Elle a lutté mais ne s’est jamais compté vaincue.
“Seigneur, maintenant, je serai pour toujours avec toi,
et je passerai les heures entre la prière et le travail”.
La première parmi les premières
Don Alberione pense. Pour le nouvel Institut,
je dois choisir des jeunes aptes à la mission :
des âmes pures qui aiment l’Eucharistie
et qui aient la Vierge Marie comme modèle.
Il trouve docilité et correspondance
dans la “première parmi les premières”
qui, en toute éventualité, accueille sa parole,
même sans comprendre, répond et suit avec sollicitude.

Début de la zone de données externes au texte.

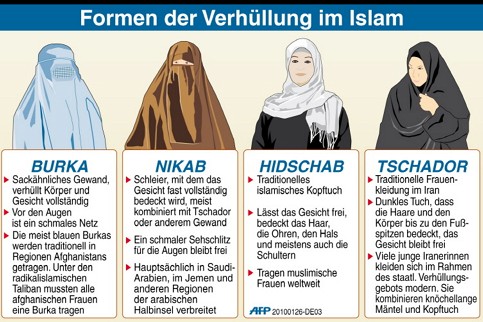 据《可兰经》的着装要求,妇女必须遮盖头部、颈部和胸部以保护其荣誉和尊严。但是关于佩戴的面纱也不尽相同,《世界报》就罗列出了以上四种基本面纱样式。

Elle avait placé le centre de sa vie dans l’Eucharistie
et elle tire une force inouïe de l’adoration.
Elle va au rendez-vous avec Dieu sans hésiter;
on peut dire que le tabernacle est son refuge.
Dans les moments d’obscurité et de mort,
alors que, pour certains, le sort semble déjà marqué,
S. M. Scholastique veille avec un cœur de mère
et encourage activement ses filles.
C’est pour cela qu’on ajoute à son nom
le titre de MÈRE;
parce qu’elle est aimable et très discrète
envers tous et sans distinction.
Mais un jour, dans la Congrégation,
un malaise répandu suscite de la confusion.
M. Scholastique est éloignée
et exilée à Alexandrie d’Égypte.
La Mère accepte, humble et sereine,
mais avec une grande souffrance dans l’âme.
Cependant, la situation continue de s’aggraver
et après deux ans, on la fait revenir.
Elle reprend avec amour sa tâche d’animatrice,
disponible, obéissante et de bon cœur.
L’Écriture dit : “d’Égypte, j’ai rappelé mon Fils”.
Il arrive pour elle ce qui est arrivé au Christ.
Mais le calice le plus amer n’est pas encore bu…
À tous, la mort semble un fait désormais accompli.
La foi est cependant une certitude et on ne craint pas
parce que, avec la mort, la semence devient vie.
Alors, M. Scholastique se présente
à la Sacrée Congrégation avec foi et courage.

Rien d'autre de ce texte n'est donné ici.